**BRIEF:**
Leaving the pictures aside, transcribe every line below exactly.

**GIVEN INFORMATION:**
....

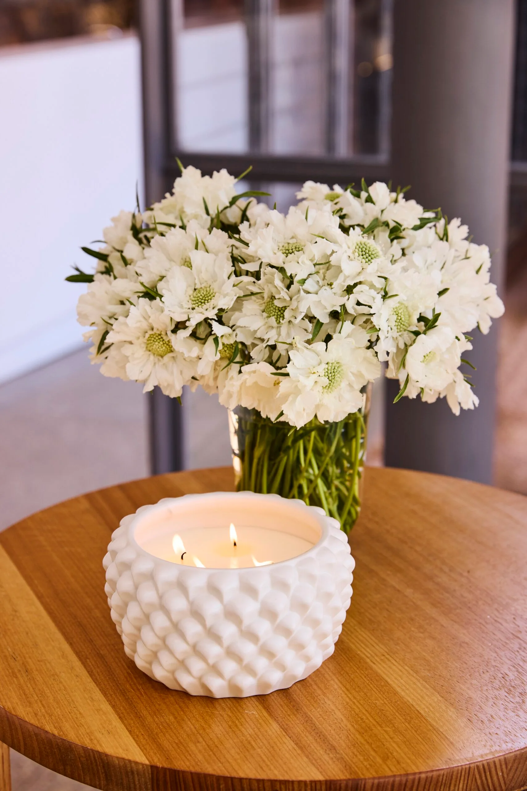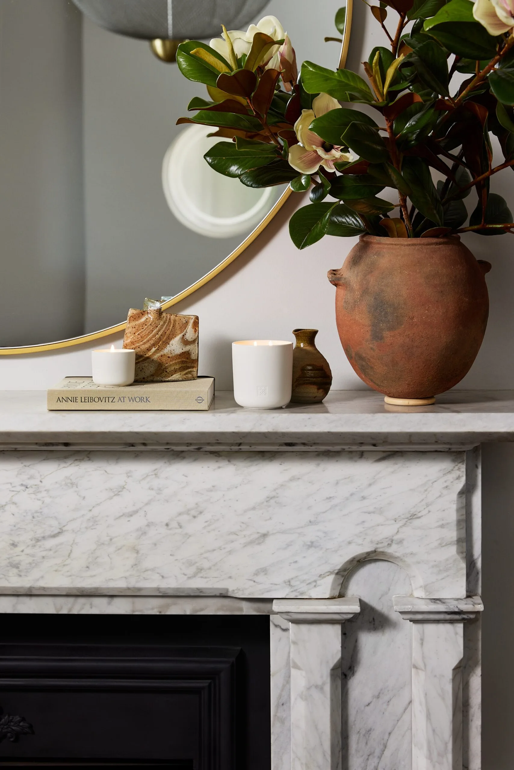 Beyond candles, there are many ways to create an aromatic home. Place a few drops of your favourite essential oil onto furniture pads in your drawers, cupboards and living spaces, to create an everlasting scent throughout your home. “You can stick them everywhere and no one sees them.” says Elle. Pair your favourite candles with hand soap and body products in the same fragrance for a holistic experience.
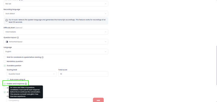 In the question setup page, you’ll now see an Enable send response option. When activated, the candidate, not the AI, controls when their answer is submitted.
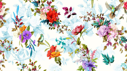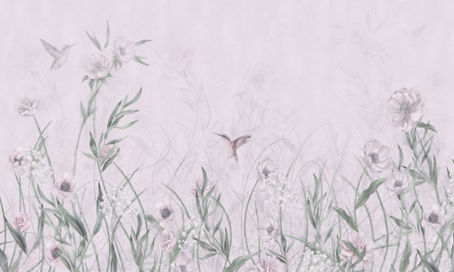 Фотообои на стену флизелиновые "Цветы и птички" 450х253 см. Товар уцененный
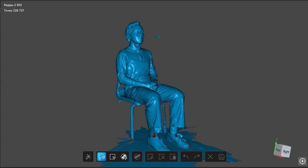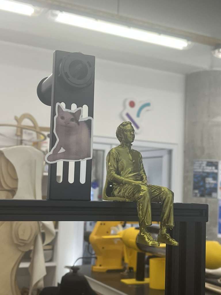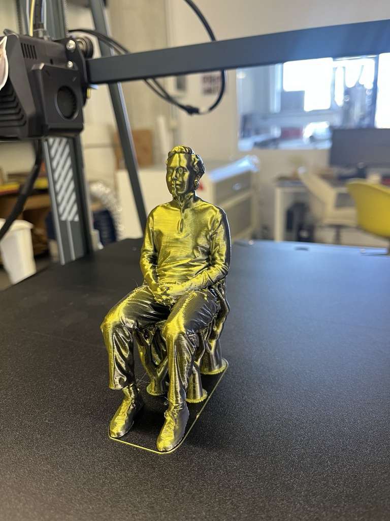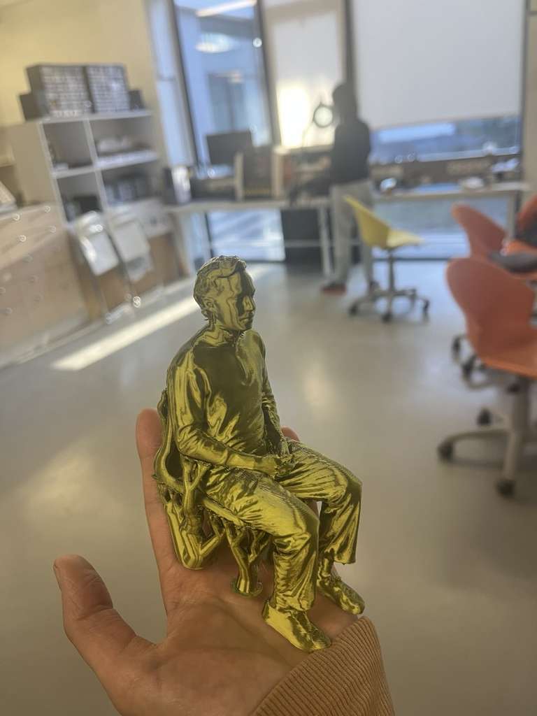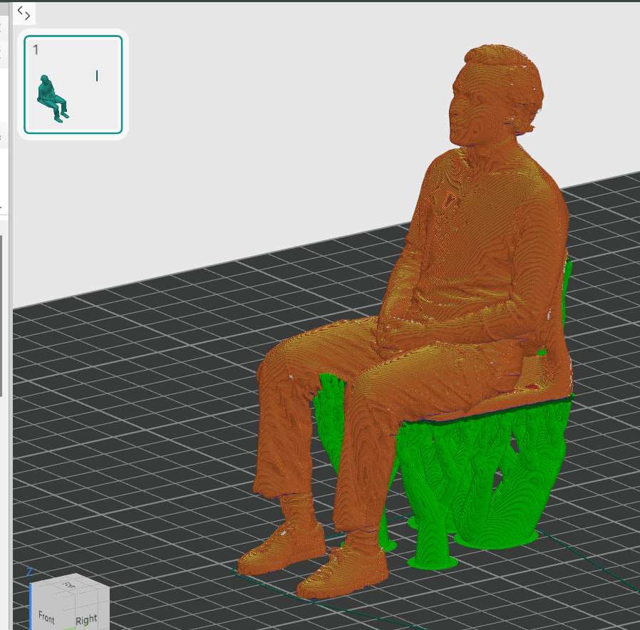 Since the chair was not properly captured during the scanning process, I removed the unnecessary parts. Instead of the original chair, I added support structures, which also created an interesting chair-like design. These supports can be removed later, allowing the model to be placed in any desired position 😊

....

**OUTPUT:**
 Beyond candles, there are many ways to create an aromatic home. Place a few drops of your favourite essential oil onto furniture pads in your drawers, cupboards and living spaces, to create an everlasting scent throughout your home. “You can stick them everywhere and no one sees them.” says Elle. Pair your favourite candles with hand soap and body products in the same fragrance for a holistic experience.
 In the question setup page, you’ll now see an Enable send response option. When activated, the candidate, not the AI, controls when their answer is submitted.
 Фотообои на стену флизелиновые "Цветы и птички" 450х253 см. Товар уцененный
 Since the chair was not properly captured during the scanning process, I removed the unnecessary parts. Instead of the original chair, I added support structures, which also created an interesting chair-like design. These supports can be removed later, allowing the model to be placed in any desired position 😊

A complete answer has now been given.